Je n’aime pas ranger.
J’ai besoin de mon bordel autour de moi.
De toute façon, j’ai beau faire, il revient toujours.
Toujours le même. Et je ne sais pas comment il fait pour revenir à l’identique.
Pourquoi ai-je toujours des piles-bouton sur mon bureau ? Je n’en ai nul usage, pourtant, il y en a toujours au moins une paire qui traîne. Et ces clefs ? Je n’ai nul idée de la porte u’elles peuvent ouvrir. Pourtant elles sont là. Les cordons informatiques, une pince à linge, le laser à chat, tout ça a une raison pour être là. Mais le reste ?
J’ai besoin de mon bordel pour me sentir bien. Les trombones, les stylos, les cartouches pour un stylo que j n’utilise pas, tout ça marque ma place.
Je déteste ranger.
Des fois, je ne peux pas faire autrement, alors je met les piles boutons dans une petite boîte, avec d’autres dont je n’ai pas l’usage, les trombones dans une autre, les stylos dans leur pot à crayons. Je jette, je dégage, au bout du compte, c’est net, propre, impersonnel. Chiant, quoi.
Je déteste ranger.
Le reste de mon bureau est une longue accumulation. De livres, de revues, de journaux, d’ordinateurs périmés en attente de trouver une destination. On dirait pas, mais ça prend de la place. Deux iMac G3 hors d’usage, un bondi blue et un sauge, un performa 5400 noir, un imac G5 20 pouces sans alimentation, un G3 beige, un G4 format oreiller, une carcasse de PC 68000 AT de marque indéfinie qui me servait de rack pour périphériques scsi, deux moniteurs Apple, un 12 pouces et un 13 pouces, Une unité centrale P4 entièrement assemblée de mes blanches main, une autre unité centrale Acer, deux ensembles caisson de basses-enceintes. Et ça ne compte pas les quelques machines effectivement en service. Le vieux portable 17 pouces qui sert de télé, le fixe pour travailler, avec ses deux écrans et le netbook 12 pouces pour les déplacements. Et le mac mini qui fait serveur.
Je déteste ranger.
J’ai des tiroirs pleins de cartes mères, de cartes réseau, de cartes graphiques, de nappes, de disques durs, d’alimentations. Mais aussi de dossiers traités, de fascicules de stages de quand je faisais des formations, de listes de stagiaires, échangées en fin de séminaire, avec leur mail et leur téléphone.
Je déteste ranger.
L’autre jour j’ai reçu un coup de fil d’une amie.
On parle de choses et d’autres, des problèmes dans son boulot, du chat, des mérites comparés du pal et de la guillotine pour éradiquer les cons.

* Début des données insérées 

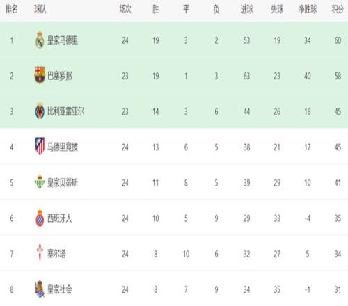 在積分榜上,皇馬以60分排名榜首?;蜀R的戰(zhàn)績是19勝3平2負(fù)。巴薩則以58分屈居第2名。不過,巴薩比皇馬少踢1輪,接下來有機(jī)會(huì)重登榜首。比利亞雷亞爾45分排名第3。馬競慘敗之后,依然是45分,但凈勝球比比利亞雷亞爾少,跌到了第4名?;始邑惖偎冠A球后,總積分是41分,繼續(xù)縮小與身前球隊(duì)的差距,排名第5,距離歐冠區(qū)越來越近。西班牙人拿到35分,排名第6。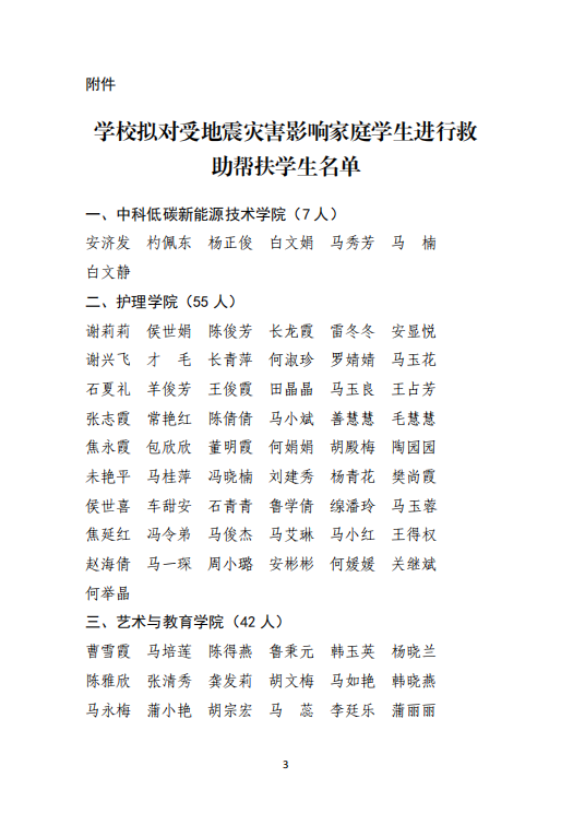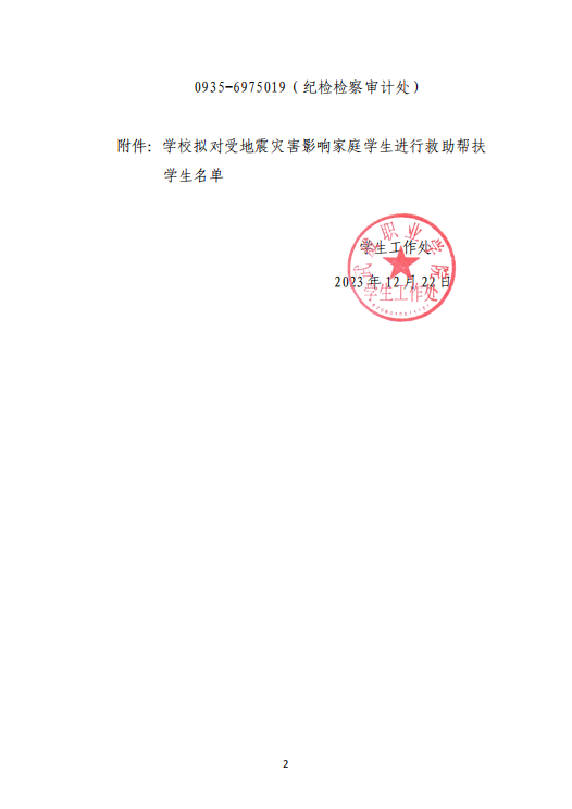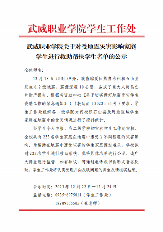 武威職業(yè)學院關(guān)于對受地震災害影響家庭學生進行救助幫扶學生名單的公示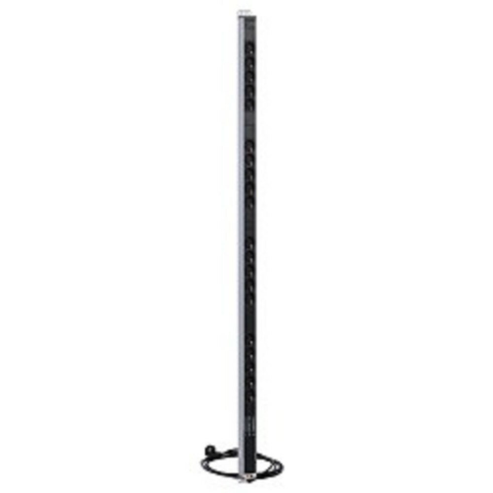 | Прочие особенности и свойства | Блок силовых розеток имеет двадцать портов Schuko, выполнен в анодированном алюминиевом корпусе. Розетки расположены под углом 45%, для удобного подсоединения коленчатых штекеров. Блок имеет фильтр защиты с индикатором питания. Кабель питания 3 метра. Блок предназначен для установки в шкафы 33-48U. Поставляется в индивидуальной упаковке с комплектом крепежа. |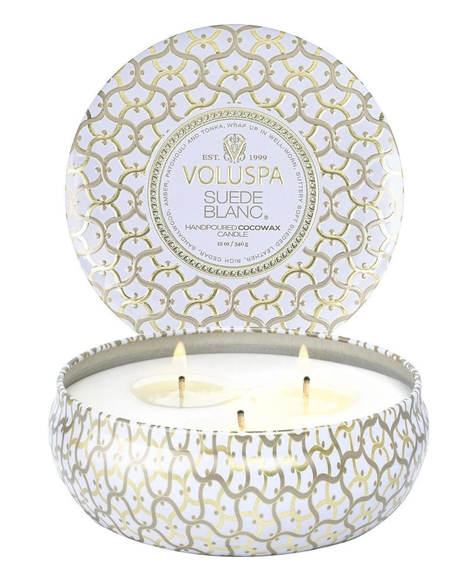 Voluspa Suede Blanc 3 Wick Tin Candle: Wrap up in a comfortable jacket of soft, supple well-worn suede. Low-key, mellow and infinitely smooth…its sultry caress envelops all in a veil of smooth sensuality. Suede Blanc is the accessory that complements any style.

Et puis je lui demande si elle a des nouvelles de la biopsie dont elle attendait les résultats.
C’est un cancer du sein. Stade 2. Donc normalement, opérable sans souci.
Je peste contre cette saloperie de crabe.
Et là, elle me dit tout doucement.
Mais je ne veux dire à personne que j’ai le cancer. Je suis désolée d’ailleurs que tu le saches, je ne veux pas embarrasser mes amis. D’ailleurs, je suis beaucoup moins angoissée depuis que je le sais. J’ai toujours eu du mal avec la vie. Cela m’arrange. Sérieux. J’ai pris ma décision il y a longtemps déjà, au moment d’une présomption (non fondée) de cancer des os, je refuse tout soin sauf le moment venu contre la douleur.
Et là je reste assommé.
Alors depuis, je range.
J’ai sorti une cinquantaine de kilos de papier, autant de matériel informatique divers; des sacs de câbles et cordons, une vieille imprimante A3. Mais pas le performa 5400 avec le bout de scotch sur le récepteur infrarouge pour qu’il ne réagisse pas à chaque fois qu’une télécommande Sony était utilisée à côté de lui.
Je range.
J’ai mis deux imprimantes, les imacs G3 et G4, et quelques kilos de disquettes à la cave.
Je range.
J’ai retrouvé mon vieux QuickTake 100, et la carte mémoire de 4 Mégas qui allait sur un portable Tosiba a écran monochrome.
Je range.
Je mets les piles boutons dans une boîte, les trombones dans une autre, les stylos dans les pots à crayons.
Je range.
Et quand il n’y aura plus rien à ranger, je pleurerai.